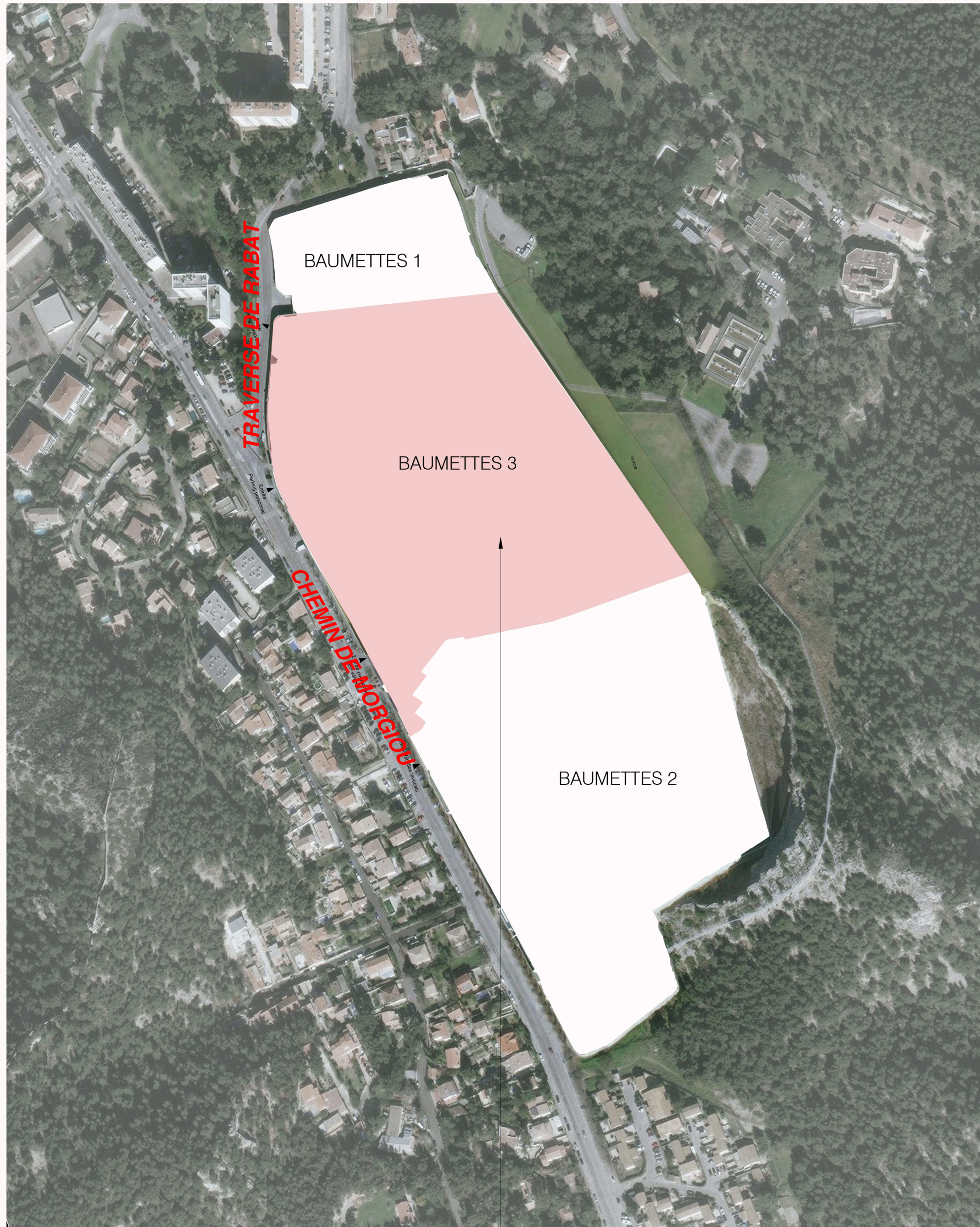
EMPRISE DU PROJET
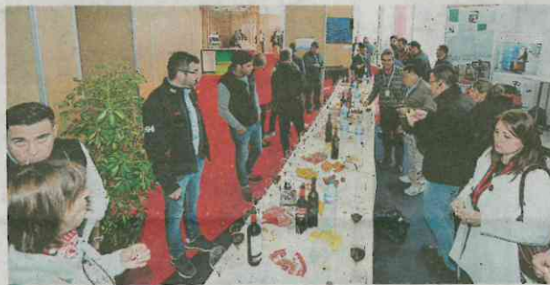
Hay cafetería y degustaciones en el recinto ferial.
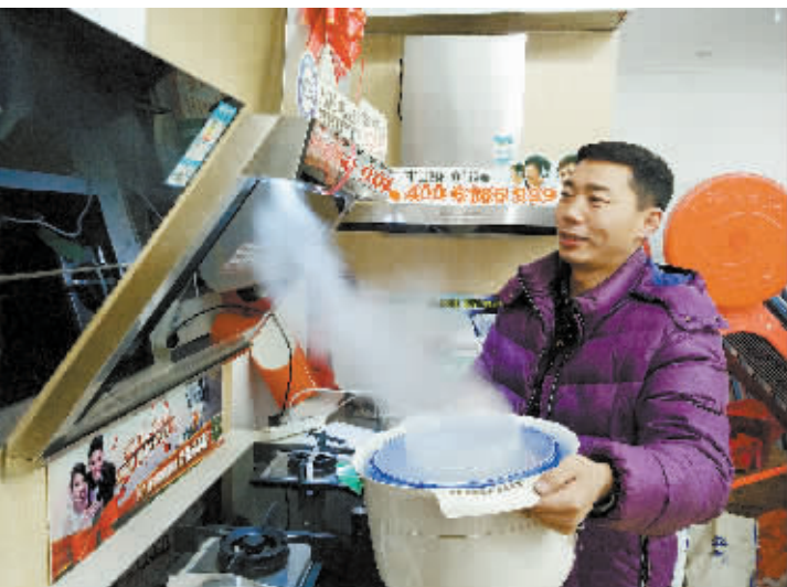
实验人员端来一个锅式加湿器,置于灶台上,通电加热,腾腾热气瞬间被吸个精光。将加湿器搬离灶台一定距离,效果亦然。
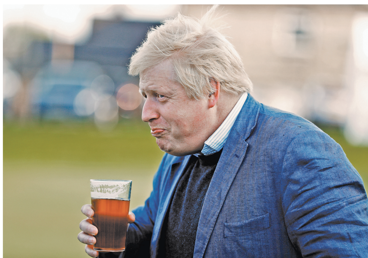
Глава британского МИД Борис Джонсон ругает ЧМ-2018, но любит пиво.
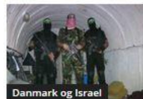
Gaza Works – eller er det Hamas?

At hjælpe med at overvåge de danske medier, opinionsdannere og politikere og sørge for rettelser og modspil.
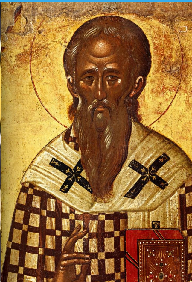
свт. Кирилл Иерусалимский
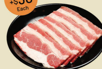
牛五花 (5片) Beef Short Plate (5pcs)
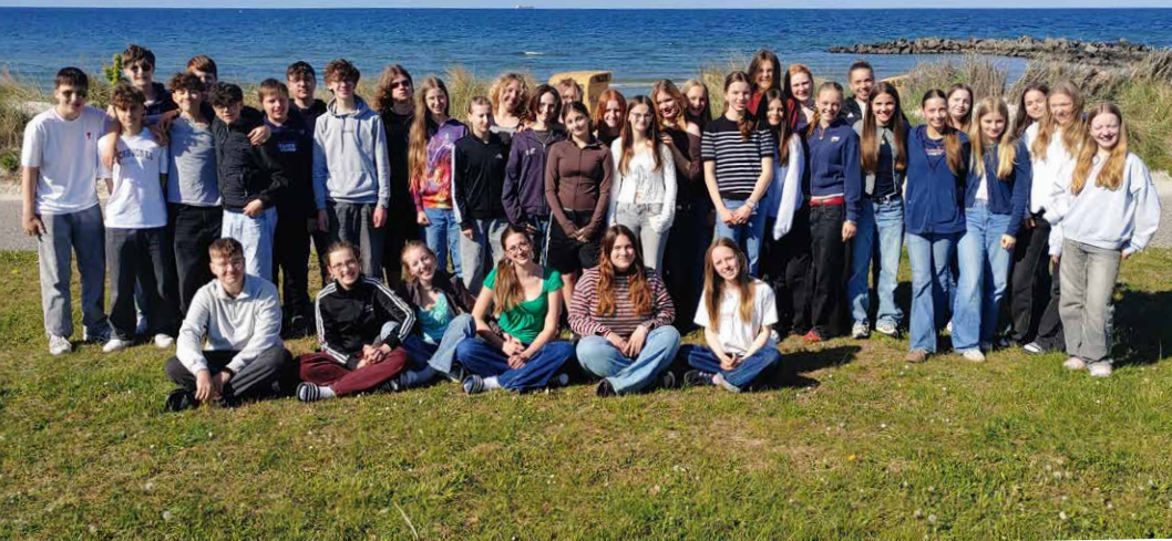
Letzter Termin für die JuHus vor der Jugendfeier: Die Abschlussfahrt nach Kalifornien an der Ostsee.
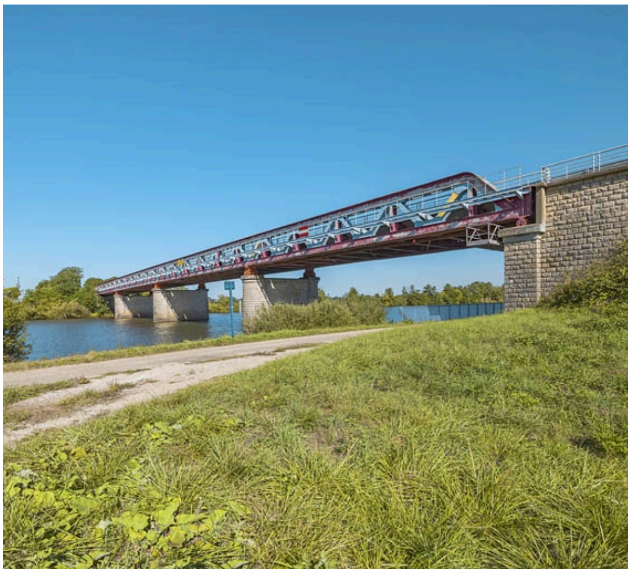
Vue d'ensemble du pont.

*****

[Task objective]:
Starting at the line that contains "At hjælpe med" and ending at the line that contains "Letzter Termin für", transcribe the material above exactly, excluding pictures.

[Finished task]:
At hjælpe med at overvåge de danske medier, opinionsdannere og politikere og sørge for rettelser og modspil.
свт. Кирилл Иерусалимский
牛五花 (5片) Beef Short Plate (5pcs)
Letzter Termin für die JuHus vor der Jugendfeier: Die Abschlussfahrt nach Kalifornien an der Ostsee.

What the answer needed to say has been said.